+++ DATA BLOCK +++

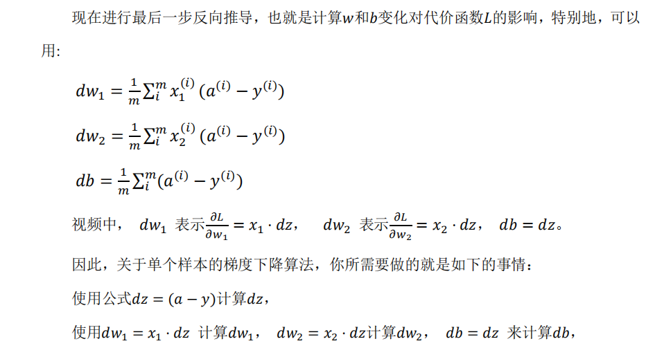 6.逻辑回归用到的公式:z = wT + b, y^\ =\ a = \sigma(z) = \frac{1}{1+e^{-z}},\ L(a, y) = -(yloga + (1-y)log(1-a))
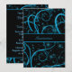 Élégante invitation d'anniversaire à tourbillons de bleu sarcelle et étoiles sur fond noir. Vous pouvez personnaliser avec votre style de police et couleur de police.
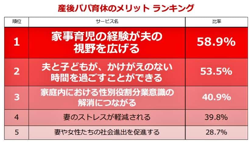 さらに、「夫と子どもが、かけがえのない時間を過ごすことができる」(53.5%)、「家庭内における性別役割分業意識の解消につながる(40.9%)、「妻のストレスが軽減される」(39.8%)と続いた=図表3参照。
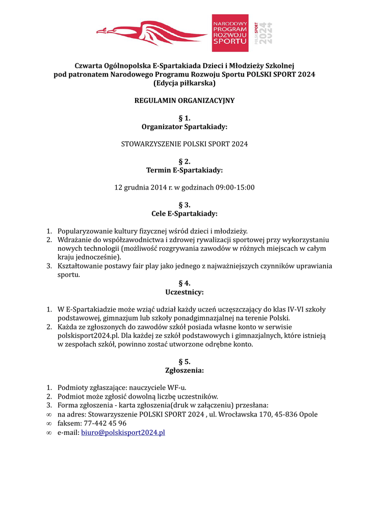 Czwarta Ogólnopolska E-Spartakiada Dzieci i Młodzieży Szkolnej pod patronatem Narodowego Programu Rozwoju Sportu POLSKI SPORT 2024 (Edycja piłkarska) REGULAMIN ORGANIZACYJNY § 1. Organizator Spartakiady: STOWARZYSZENIE POLSKI SPORT 2024 § 2. Termin E-Spartakiady: 12 grudnia 2014 r. w godzinach 09:00-15:00 § 3. Cele E-Spartakiady: 1. Popularyzowanie kultury fizycznej wśród dzieci i młodzieży. 2. Wdrażanie do współzawodnictwa i zdrowej rywalizacji sportowej przy wykorzystaniu nowych technologii (możliwość rozgrywania zawodów w różnych miejscach w całym kraju jednocześnie). 3. Kształtowanie postawy fair play jako jednego z najważniejszych czynników uprawiania sportu. § 4. Uczestnicy: 1. W E-Spartakiadzie może wziąć udział każdy uczeń uczęszczający do klas IV-VI szkoły podstawowej, gimnazjum lub szkoły ponadgimnazjalnej na terenie Polski. 2. Każda ze zgłoszonych do zawodów szkół posiada własne konto w serwisie polskisport2024.pl. Dla każdej ze szkół podstawowych i gimnazjalnych, które istnieją w zespołach szkół, powinno zostać utworzone odrębne konto. § 5. Zgłoszenia: 1. 2. 3. • • • Podmioty zgłaszające: nauczyciele WF-u. Podmiot może zgłosić dowolną liczbę uczestników. Forma zgłoszenia - karta zgłoszenia(druk w załączeniu) przesłana: na adres: Stowarzyszenie POLSKI SPORT 2024 , ul. Wrocławska 170, 45-836 Opole faksem: 77-442 45 96 e-mail: [email protected] § 6. Sposób rozegrania zawodów: 1. Każda ze zgłoszonych szkół przeprowadza zawody w dniu 12.12.2014 r. w przedziale godzinowym 09:00-15:00. 2. Nauczyciel może wybrać liczbę testów piłkarskich, które zrealizuje jego szkoła w ramach zawodów. 3. Wyniki uzyskane podczas E-Spartakiady w poszczególnych testach nauczyciel powinien wpisać 12.12.2014 r. do godz. 15:00 na platformie polskisport2024.pl w zakładce „Zawody sportowe on-line” (http://www.polskisport2024.pl/contest). 4. Po godzinie 15:00 możliwość wpisywania wyników zostaje automatycznie zablokowana. 5. Po zamknięciu zawodów zostaną opublikowane ogólnopolskie wyniki zawodów. 6. Listy rankingowe będą niewidoczne aż do zamknięcia zawodów, tj. do godziny 15:00. 7. Do 14.12.2014 r. każdy nauczyciel może złożyć protest. Po uwzględnieniu protestów 15.12 zostanie zamieszczona ostateczna wersja list rankingowych. 8. Wszelkie problemy techniczne w trakcie trwania zawodów można zgłaszać. telefonicznie: 77-442 45 96, 506 271 488 lub na adres e-mail: [email protected] § 7. Wykaz konkurencji: Dla szkół podstawowych, gimnazjów, szkół ponadgimnazjalnych: • • • • piłka siatkowa: http://www.polskisport2024.pl/help/pilka_siatkowa piłka ręczna: http://www.polskisport2024.pl/help/pilka_reczna koszykówka: http://www.polskisport2024.pl/help/koszykowka piłka nożna: http://www.polskisport2024.pl/help/pilka_nozna § 8. Przebieg zawodów: 1. Podczas udziału w zawodach sportowych każdy zawodnik zobowiązany jest zachowywać się z szacunkiem dla innych zawodników i sędziów oraz zgodnie z duchem sportowej rywalizacji, kulturą i dobrymi obyczajami. 2. Niedopuszczalne są jakiekolwiek zachowania sprzeczne z zasadami bezpieczeństwa w szczególności: umyślne naruszanie reguł danej dyscypliny sportu, zmierzające do wyrządzenia krzywdy współzawodnikom, używanie słów wulgarnych i obelżywych, czy nierespektowanie uwag i decyzji sędziów zawodów sportowych bądź nauczycieli. § 9. Sędziowie: 1. Komisja sędziowska powołana będzie przez Nauczyciela WF/trenera, będącego partnerem Narodowego Programu Rozwoju Sportu Polski Sport 2024. 2. Komisja składa się z 2 osób (jeden nauczyciel WF-u + nauczuciel innego przedmiotu lub dwóch nauczycieli WF-u). 3. Zadaniem Komisji Sędziowskiej będzie zatwierdzenie poprawności przeprowadzonych zawodów oraz zapisanie wyników uzyskanych przez poszczególnych zawodników w odpowiednim panelu na stronie polskisport2024.pl. 4. Członkowie Komisji w orzekaniu są niezawiśli oraz samodzielni, orzekają i zapisują wyniki w sposób sprawiedliwy i zgodny z zasadami fair play. §10. Laureaci: 1. W każdej dyscyplinie sportowej rozgrywanej na E-Spartakiadzie spośród wszystkich szkół w poszczególnych kategoriach wiekowych zostaną nagrodzeni zwycięzcy miejsc 1-3. 2. Kategorie wiekowe kształtują się następująco: - szkoły podstawowe: kategoria „A” – klasy 4 i 5, kategoria „B” – klasa 6 - gimnazja: kategoria „A” – klasy 1 i 2, kategoria „B” – klasa 3. - szkoły ponadgimnazjalne: klasy 1-4 w ramach jednej kategorii 3. Medale, dyplomy, podziękowania dla szkół i nauczycieli zostaną wysłane na adres szkoły 02.01.2015 r. § 11. Postanowienia końcowe: 1. W przypadku nieprzestrzegania regulaminu lub przepisów bezpieczeństwa sędzia ma prawo dokonać dyskwalifikacji zawodnika. 2. Każdy uczestnik Spartakiady przystępując do udziału w Spartakiadzie przyjmuje do wiadomości postanowienia niniejszego regulaminu i zobowiązuje się do ich przestrzegania. 3. Do interpretacji niniejszego regulaminu uprawniony jest jedynie organizator. STOWARZYSZENIE POLSKI SPORT 2024

+++

[ASSIGNED TASK] Would you write out exactly the lines above, starting at the line containing "Élégante invitation d'anniversaire" and stopping after the line containing "さらに、「夫と子どもが、かけ"? Omit the pictures.

[RESPONSE BOX]
 Élégante invitation d'anniversaire à tourbillons de bleu sarcelle et étoiles sur fond noir. Vous pouvez personnaliser avec votre style de police et couleur de police.
 さらに、「夫と子どもが、かけがえのない時間を過ごすことができる」(53.5%)、「家庭内における性別役割分業意識の解消につながる(40.9%)、「妻のストレスが軽減される」(39.8%)と続いた=図表3参照。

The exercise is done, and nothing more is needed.